## Try it
Could you please reproduce the entries exactly, leaving out any pictures?

## Dataset entries
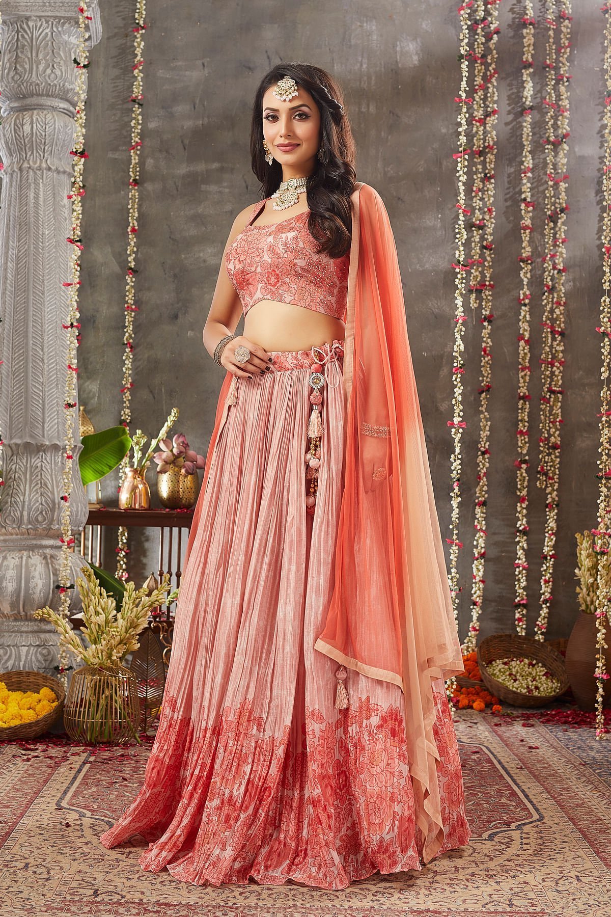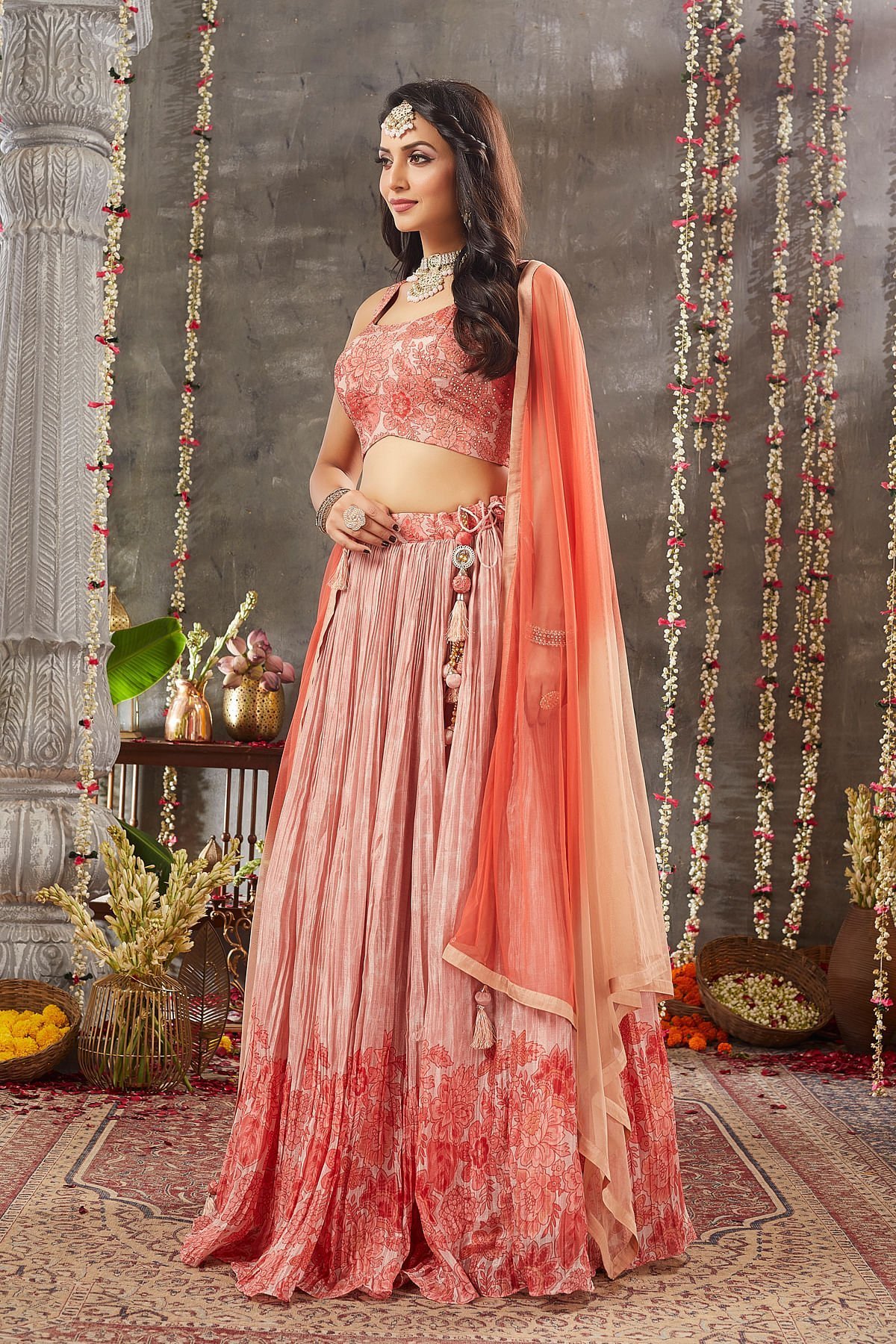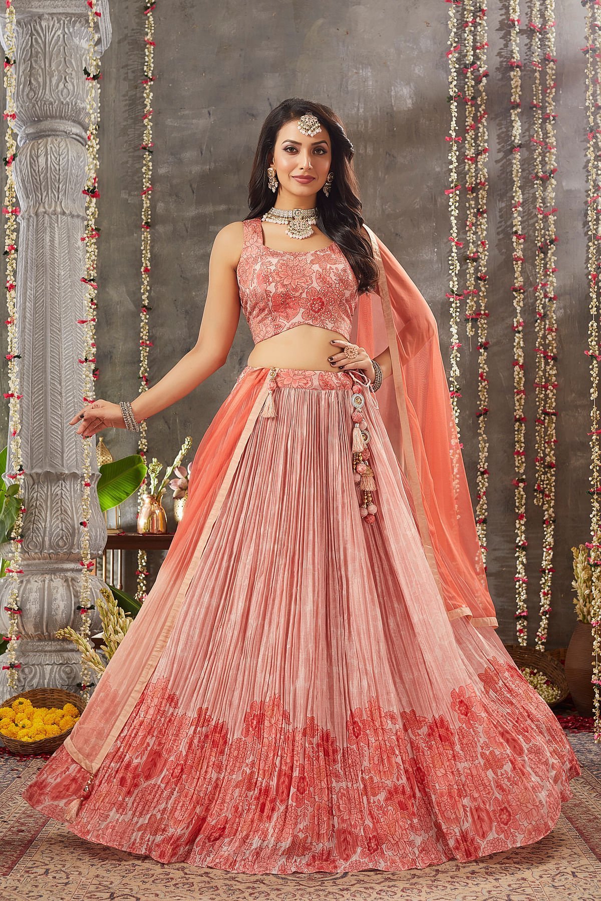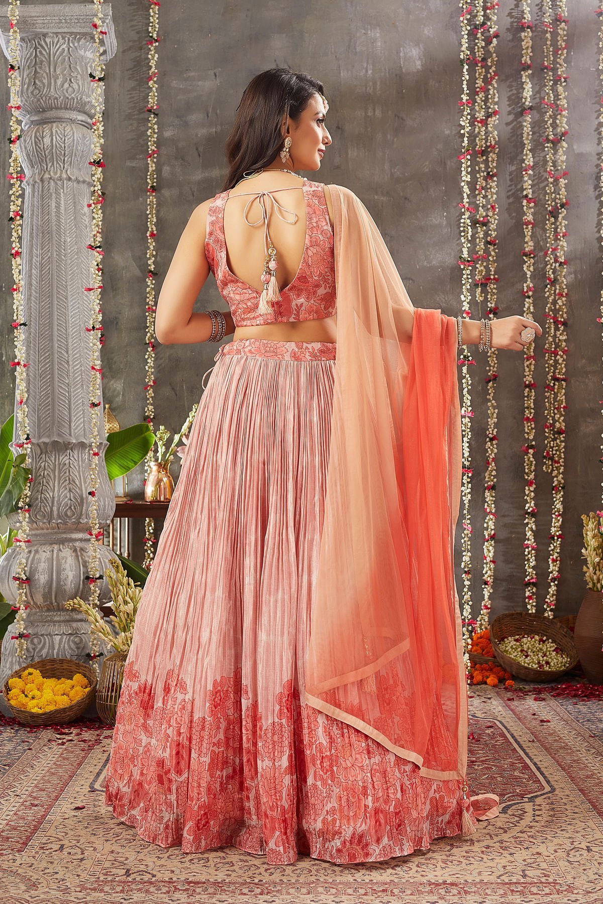 Radiate charm with our Peach Pearl Crepe Lehenga Choli set, perfect for special occasions. The 112 cm gathered Lehenga boasts a Printed design, creating a simple and elegant look. The pure Crepe fabric offers a luxurious feel, and the soft peach pearl color exudes sophistication. The matching Dupatta features a Peach & Orange Ombre color in Net fabric, adding a touch of ombre elegance. The Readymade choli, in a matching Crepe fabric, comes with a U-Neck front pattern, Sleeveless design, and a combination of Printed, Zari, and Sequins work, offering a contemporary twist. Embrace timeless fashion with this stunning outfit, sure to make you the center of attention at any event. Complete the look by wearing Stone jewelry with barcelet and open hair curls hairstyle. There might be little color variations in the image and original product due to photographic lightings or your monitor settings.
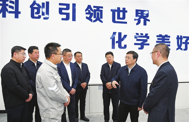 省委常委、市委书记韦韬在中化学赛鼎科创产业发展有限公司调研企业生产经营情况。 梁琛 摄
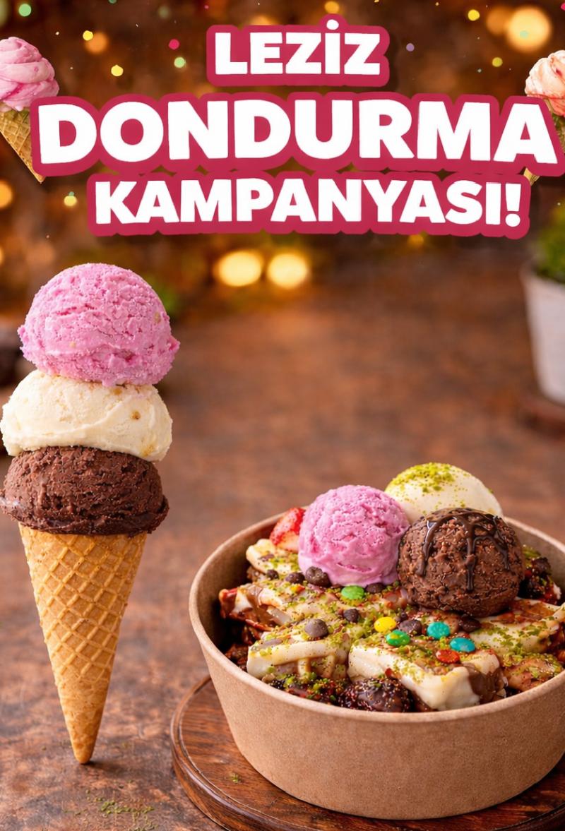 Dondurma Çeşitleri:Vanilya(sade)-Kakoa-Bal Badem,Çilek,Karamel,Böğürtlen,Limon,İtalyan Karamel.
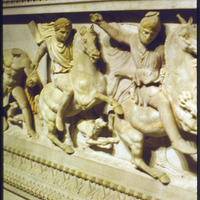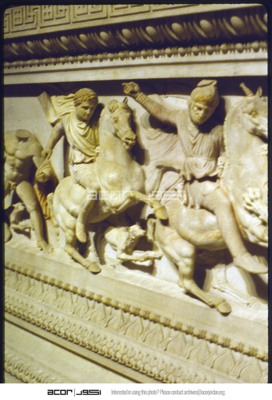 تفاصيل نقش بارز على تابوت صيدا الليسي يصور مشهد صيد
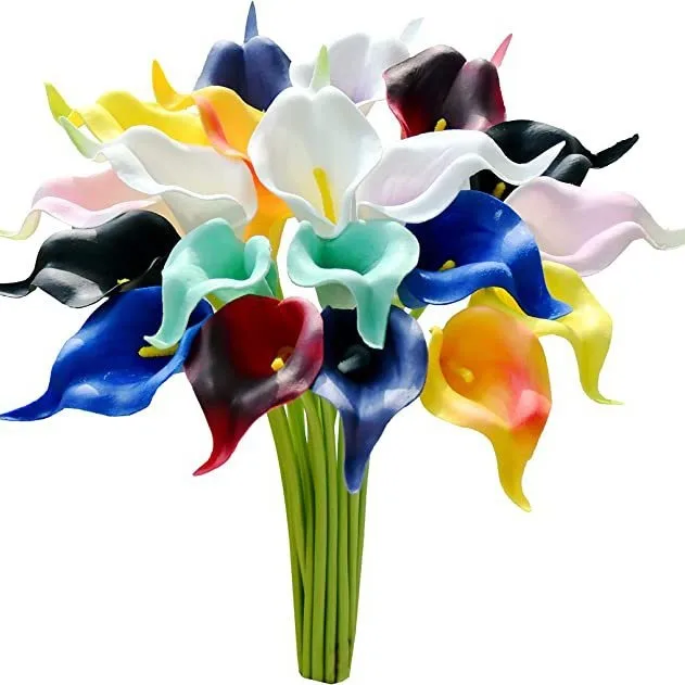 1/5/10/20Pcs 칼라 릴리 가짜 꽃 웨딩 부케 인공 리얼 터치 라텍스 꽃 홈 웨딩 생일 파티 장식
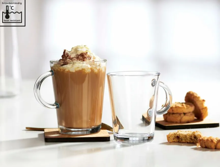 Der Kaffeebecher Arco 380 ml von Ritzenhoff & Breker gibt Ihnen die praktische Möglichkeit, den Inhalt Ihres Trinkgefäßes von allen Seiten zu betrachten, wenn beispielsweise die Kaffeesahne in Wolken durch die dunkle Flüssigkeit zieht. Natürlich ist die Kaffeetasse auch für einen köstlichen Tee geeignet. Punkten kann der Kaffeebecher Arco 380 ml zudem durch seinen stabilen Henkel, der einen festen Griff erlaubt.
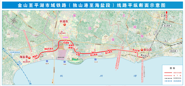 項目自上海金山鐵路金山衛站引出,終至海鹽縣,全長52.0公里,其中浙江段長41.6公里,共設獨山港東站、獨山港西站、乍浦站、林埭站(預留)、平湖南站、海鹽開發區站、海鹽東站7個車站。
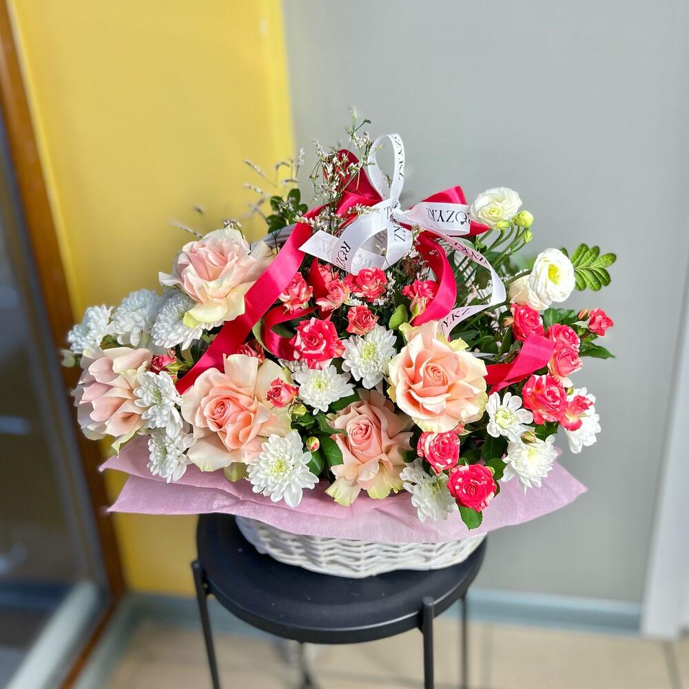 Lisianthus - 3 pcs Limonium - 3 pcs Chrysanthemum bush - 3 pcs Bush rose - 3 pcs Pistachio - 3 pcs French Rose - 7 pcs
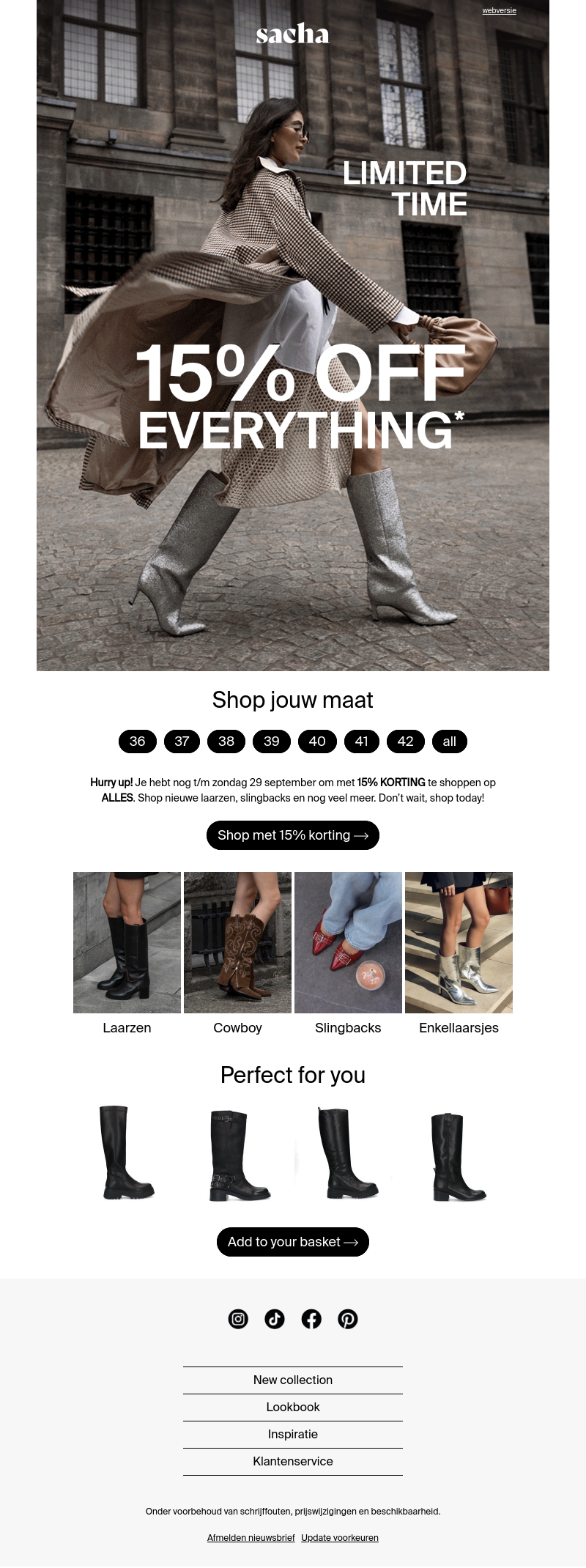 Ontvang nu 15% korting op ALLES bij Sacha. Mis deze kans niet om jouw favoriete laarzen, cowboy boots, slingbacks en enkellaarsjes te kopen. De actie loopt tot en met zondag 29 september, dus wees er snel bij!
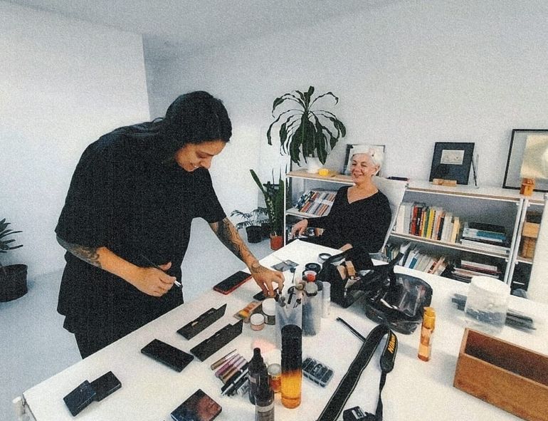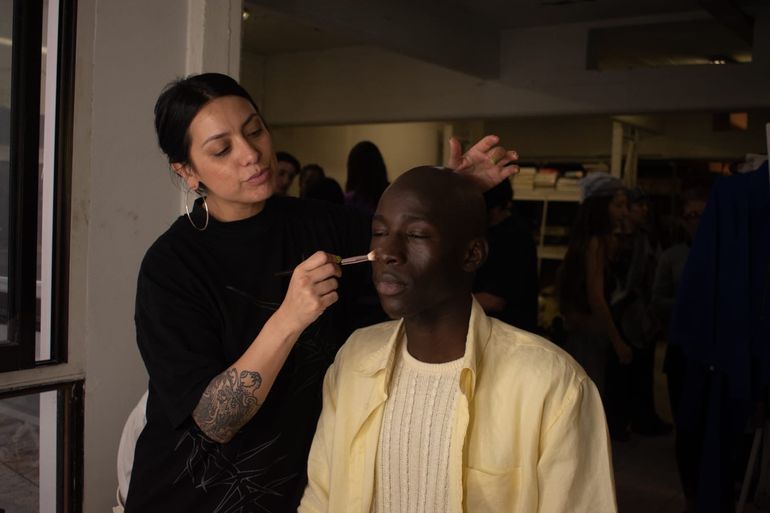“Tenía que salir a escena con el rostro sin tatuajes, así que había que tapar los dos mini tatuajes que tiene en la cara y hacer algo de make up para él y toda su banda. Yo estaba muy contenta, pero la que estaba más feliz es mi hija, que es muy fan de Dillom. La verdad que es un artista muy amoroso, respetuoso y profesional. Se sentó con su copa de vino, charlamos de la vida, en ningún momento me dijo: 'a ver qué me estás haciendo o cuánto te falta', me dejó trabajar súper tranquila”. Otras veces fue convocada para maquillar a Hilda Lizarazu, Marilina Bertoldi, Tan Biónica, Lila Downs. “El de Lila fue maquillaje full, ella es muy churra, muy preciosa”, dice.
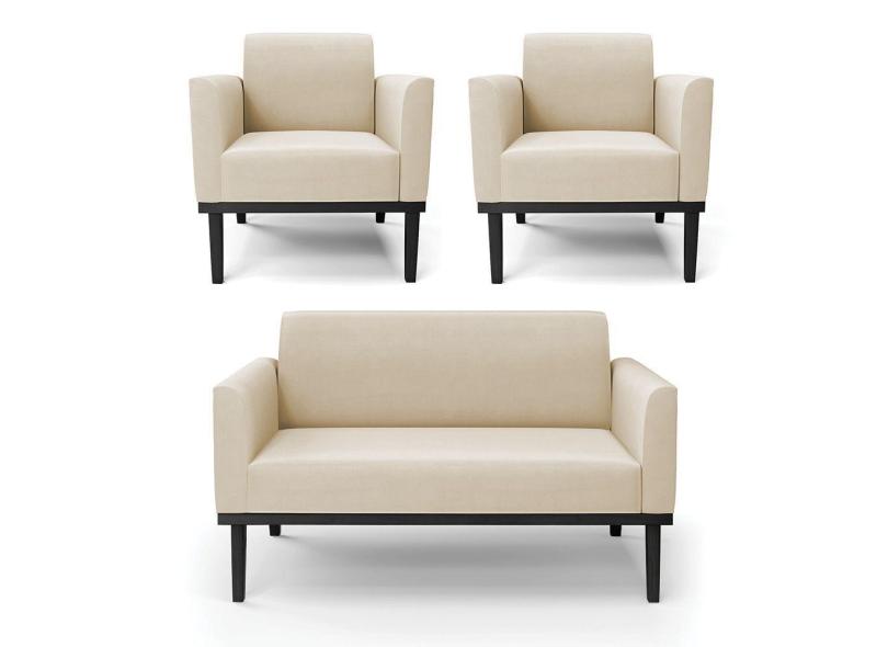 Sofá Namoradeira Com 2 Poltronas Base De Madeira Fixa Preto Marisa Suede Bege D03 - D'Rossi
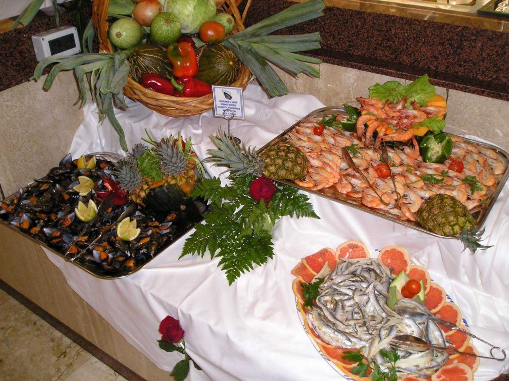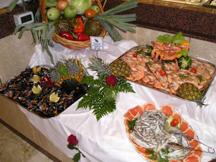 Ansicht GalabuffetEinmal in der Woche gibt es ein "Galabuffet". Hier ein Bild der Platte mit Shrips, Muscheln und kleinen Fischen.
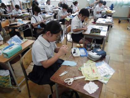 小物づくりの続きをしています。完成する児童も出てきました。

## Answer box
 Radiate charm with our Peach Pearl Crepe Lehenga Choli set, perfect for special occasions. The 112 cm gathered Lehenga boasts a Printed design, creating a simple and elegant look. The pure Crepe fabric offers a luxurious feel, and the soft peach pearl color exudes sophistication. The matching Dupatta features a Peach & Orange Ombre color in Net fabric, adding a touch of ombre elegance. The Readymade choli, in a matching Crepe fabric, comes with a U-Neck front pattern, Sleeveless design, and a combination of Printed, Zari, and Sequins work, offering a contemporary twist. Embrace timeless fashion with this stunning outfit, sure to make you the center of attention at any event. Complete the look by wearing Stone jewelry with barcelet and open hair curls hairstyle. There might be little color variations in the image and original product due to photographic lightings or your monitor settings.
 省委常委、市委书记韦韬在中化学赛鼎科创产业发展有限公司调研企业生产经营情况。 梁琛 摄
 Dondurma Çeşitleri:Vanilya(sade)-Kakoa-Bal Badem,Çilek,Karamel,Böğürtlen,Limon,İtalyan Karamel.
 تفاصيل نقش بارز على تابوت صيدا الليسي يصور مشهد صيد
 1/5/10/20Pcs 칼라 릴리 가짜 꽃 웨딩 부케 인공 리얼 터치 라텍스 꽃 홈 웨딩 생일 파티 장식
 Der Kaffeebecher Arco 380 ml von Ritzenhoff & Breker gibt Ihnen die praktische Möglichkeit, den Inhalt Ihres Trinkgefäßes von allen Seiten zu betrachten, wenn beispielsweise die Kaffeesahne in Wolken durch die dunkle Flüssigkeit zieht. Natürlich ist die Kaffeetasse auch für einen köstlichen Tee geeignet. Punkten kann der Kaffeebecher Arco 380 ml zudem durch seinen stabilen Henkel, der einen festen Griff erlaubt.
 項目自上海金山鐵路金山衛站引出,終至海鹽縣,全長52.0公里,其中浙江段長41.6公里,共設獨山港東站、獨山港西站、乍浦站、林埭站(預留)、平湖南站、海鹽開發區站、海鹽東站7個車站。
 Lisianthus - 3 pcs Limonium - 3 pcs Chrysanthemum bush - 3 pcs Bush rose - 3 pcs Pistachio - 3 pcs French Rose - 7 pcs
 Ontvang nu 15% korting op ALLES bij Sacha. Mis deze kans niet om jouw favoriete laarzen, cowboy boots, slingbacks en enkellaarsjes te kopen. De actie loopt tot en met zondag 29 september, dus wees er snel bij!
“Tenía que salir a escena con el rostro sin tatuajes, así que había que tapar los dos mini tatuajes que tiene en la cara y hacer algo de make up para él y toda su banda. Yo estaba muy contenta, pero la que estaba más feliz es mi hija, que es muy fan de Dillom. La verdad que es un artista muy amoroso, respetuoso y profesional. Se sentó con su copa de vino, charlamos de la vida, en ningún momento me dijo: 'a ver qué me estás haciendo o cuánto te falta', me dejó trabajar súper tranquila”. Otras veces fue convocada para maquillar a Hilda Lizarazu, Marilina Bertoldi, Tan Biónica, Lila Downs. “El de Lila fue maquillaje full, ella es muy churra, muy preciosa”, dice.
 Sofá Namoradeira Com 2 Poltronas Base De Madeira Fixa Preto Marisa Suede Bege D03 - D'Rossi
 Ansicht GalabuffetEinmal in der Woche gibt es ein "Galabuffet". Hier ein Bild der Platte mit Shrips, Muscheln und kleinen Fischen.
 小物づくりの続きをしています。完成する児童も出てきました。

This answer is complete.